Mas paralelamente a esse cenário pouco promissor, há sinais de esperança na luta pela preservação ambiental. O uso de energias renováveis, uma medida nesse sentido, é uma tendência que se expande cada vez mais em Moçambique. As zonas rurais, que pouco se beneficiam de energias "sujas" (das hidroelétricas), devido ao seu elevado custo, são as que mais se têm beneficiado delas, muito particularmente da energia solar.
Jan-Niclas Gesenhues é o pesquisador alemão para energias renováveis que tem trabalhado com a Associação Moçambicana de Energias Renováveis (AMER) e garante que "Moçambique tem condições ótimas para o uso de energias limpas".

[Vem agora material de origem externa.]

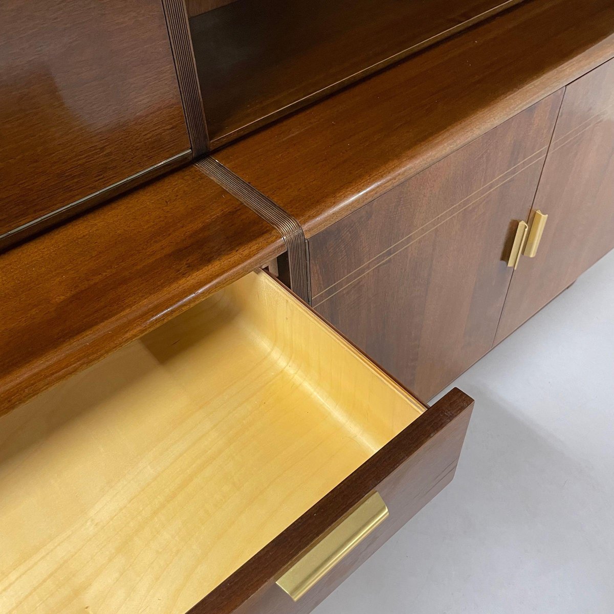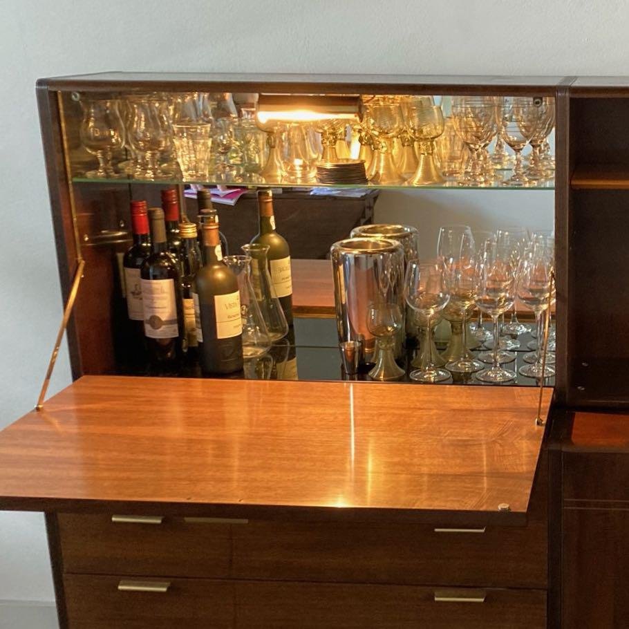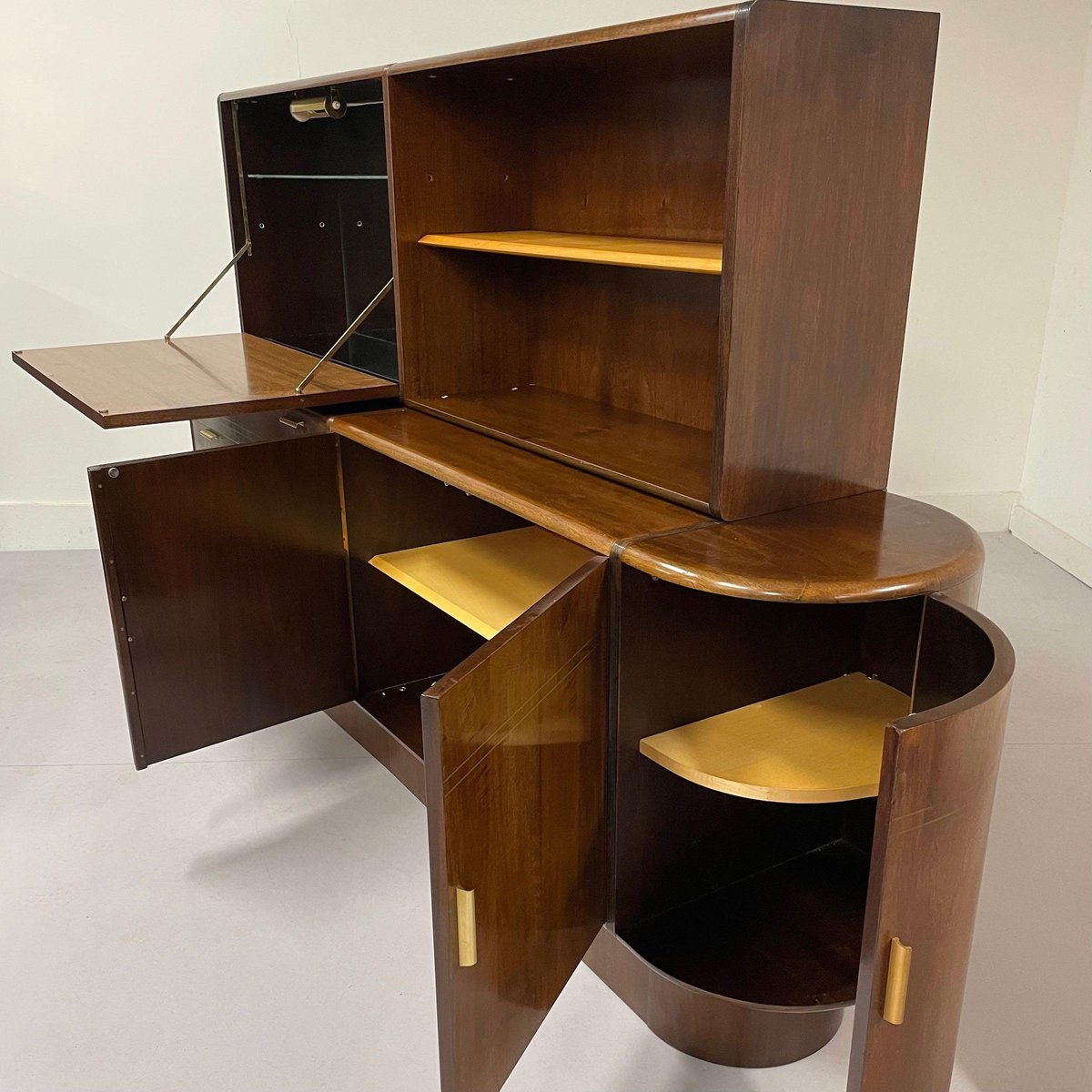Sideboard with top cabinet and bar designed by A.A. Patijn for the Dutch furniture factory Zijlstra, 1950s. This sideboard with round side is from the Poly-Z series. The round shapes are very characteristic in the designs of A.A. Patijn. This sideboard has a bar, four dust-free drawers (with round sides, just like Cees Braakman) for easy cleaning, a bookcase and two storage cabinets at the bottom right. The condition is still very good and original condition with light traces of age and use. Material: Wood, veneer, walnut, glass and brass. Dimensions: h x w x d = 130 x 204 x 44 cm. Height sideboard (without top cabinet) 74 cm.

Gesenhues afirma que "já hoje tem uma alta proporção de energia renovável por causa das centrais hídricas, como Cahora Bassa, a maior e mais conhecida do país. Mas o potencial de Moçambique na área de energia solar e de energia eólica está ainda longe de ser usado efetivamente. Moçambique é um dos países no mundo com as melhores condições para o uso da energia solar".
Embora a energia eólica não seja usada no país, há potencial para isso, de acordo com o pesquisador: "Como está perto do mar e tem uma longa costa, tem muito vento, por isso tem boas condições para produzir energia eólica também".
Este tema esteve em debate no sábado (31.11) na conferência "Moçambique nas tempestades da crise climática", organizada pela KKM, Comité Coordenador Moçambique-Alemanha, em parceria com a organização Inkota, ambas com sede na Alemanha.